Problem Overview
Deep learning has become a crucial component of many companies’ data analysis pipelines. To further enhance the performance of deep learning models, researchers have developed various optimization algorithms. An optimizer improves the model by adjusting its parameters (weights and biases) to minimize the loss function value. Having multiple optimizers available means that different algorithms can be used to adjust the parameters to minimize the loss function value. Hence, this study provides an experiment with five optimizers to assess their performance on a neural network classifier.
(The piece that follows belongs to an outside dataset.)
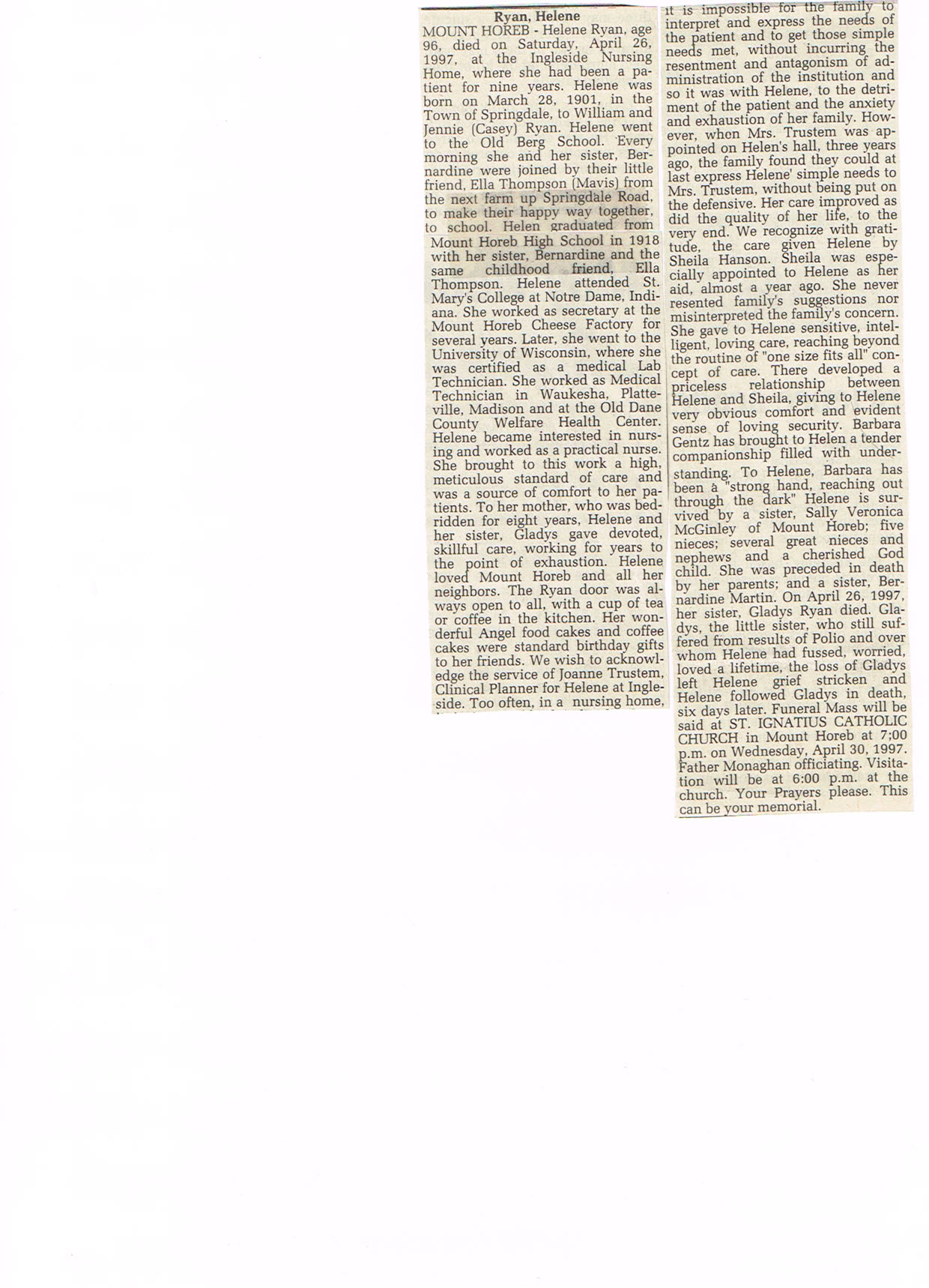 Burials On The Web - Calvary Cemetery - St. Ignatius Parish - Mt. Horeb, WI

The following Optimizers will be used:
- Stochastic Gradient Descent (SGD)
- Adam
- RMSprop
- Adagrad
- Nadam
Dataset
In view of this, this study aims to compare how each of these optimizer perform using the MNISt dataset. I load the dataset using the below code:
(X_train, y_train), (X_test, y_test) = fashion_mnist.load_data()
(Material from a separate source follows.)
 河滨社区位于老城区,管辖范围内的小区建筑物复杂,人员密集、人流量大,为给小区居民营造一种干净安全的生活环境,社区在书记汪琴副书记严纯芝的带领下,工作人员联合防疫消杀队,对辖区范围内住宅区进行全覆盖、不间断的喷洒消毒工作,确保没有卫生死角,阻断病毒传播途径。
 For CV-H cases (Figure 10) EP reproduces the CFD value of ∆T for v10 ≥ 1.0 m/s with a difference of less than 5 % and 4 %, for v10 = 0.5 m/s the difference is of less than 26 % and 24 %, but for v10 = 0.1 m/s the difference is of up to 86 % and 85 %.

The dimension of the training dataset is (60000, 28, 28). In this case, I have set aside 10000 images and their corresponding as a validation set. The remaining set will be labelled as the training set.
Exploratortion
A quick view of the data using the code below yields the picture below:

Before I feed the images into the neural network, I normalize the pixel values by dividing them by 255. This scales all pixel values from the original range of 0–255 down to a range of 0–1. This step helps my model train faster and more effectively by keeping the input values small and consistent, which improves the stability of the learning process.
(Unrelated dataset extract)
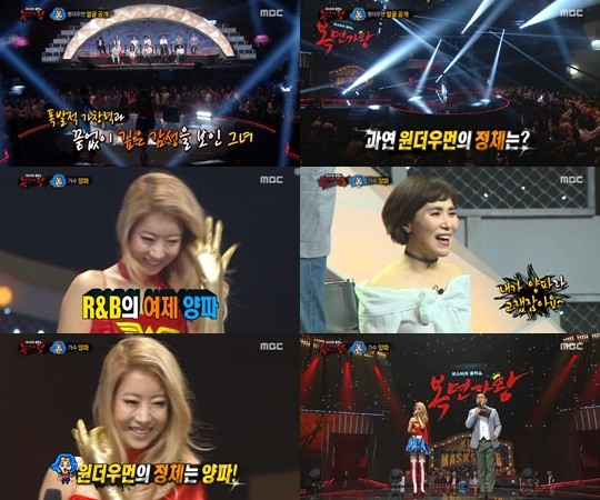 양파는 이날 '복면가왕'에서 신비한 원더우먼으로 출연, 뛰어난 노래 실력을 뽐냈다.

def preprocess_images(images):
return images.reshape((-1, 28, 28, 1)) / 255.0
train_images = preprocess_images(train_images)
validation_images = preprocess_images(validation_images)
X_test = preprocess_images(X_test)

The code below shows the list of the different optimizers used for this analysis.
optimizers = {
'Adam': Adam(learning_rate=0.001),
'SGD': SGD(learning_rate=0.001),
'RMSprop': RMSprop(learning_rate=0.001),
'Adagrad': Adagrad(learning_rate=0.001)}
The model architecture using for this study is shown below:
def create_model():
model = Sequential()
model.add(Conv2D(32, (3, 3), activation='relu', input_shape=(28, 28, 1)))
model.add(MaxPooling2D((2, 2)))
model.add(Conv2D(64, (3, 3), activation='relu'))
model.add(MaxPooling2D((2, 2)))
model.add(Conv2D(64, (3, 3), activation='relu'))
model.add(Flatten())
model.add(Dense(64, activation='relu'))
model.add(Dense(10, activation='softmax'))
return model
The results that follow shows the output from the experiment.
Optimizer Comparison: The final line compares the performance of four optimizers:
- Adam: Achieved an accuracy of 0.8476
- SGD (Stochastic Gradient Descent): Achieved an accuracy of 0.1411
- RMSprop: Achieved an accuracy of 0.1000
- Adagrad: Achieved an accuracy of 0.1000

Based on the output, Adam seems to be the best-performing optimizer for your model, with an accuracy of 0.8476. The other optimizers (SGD, RMSprop, and Adagrad) resulted in significantly lower accuracy values. Hence the Adam will be chosen for hyperparameter tuning.
## The results suggest that:
- The model performs well with a learning rate of 0.001, achieving an accuracy of 0.8254.
- The model struggles with higher learning rates (0.01 and 0.1), resulting in very poor accuracy.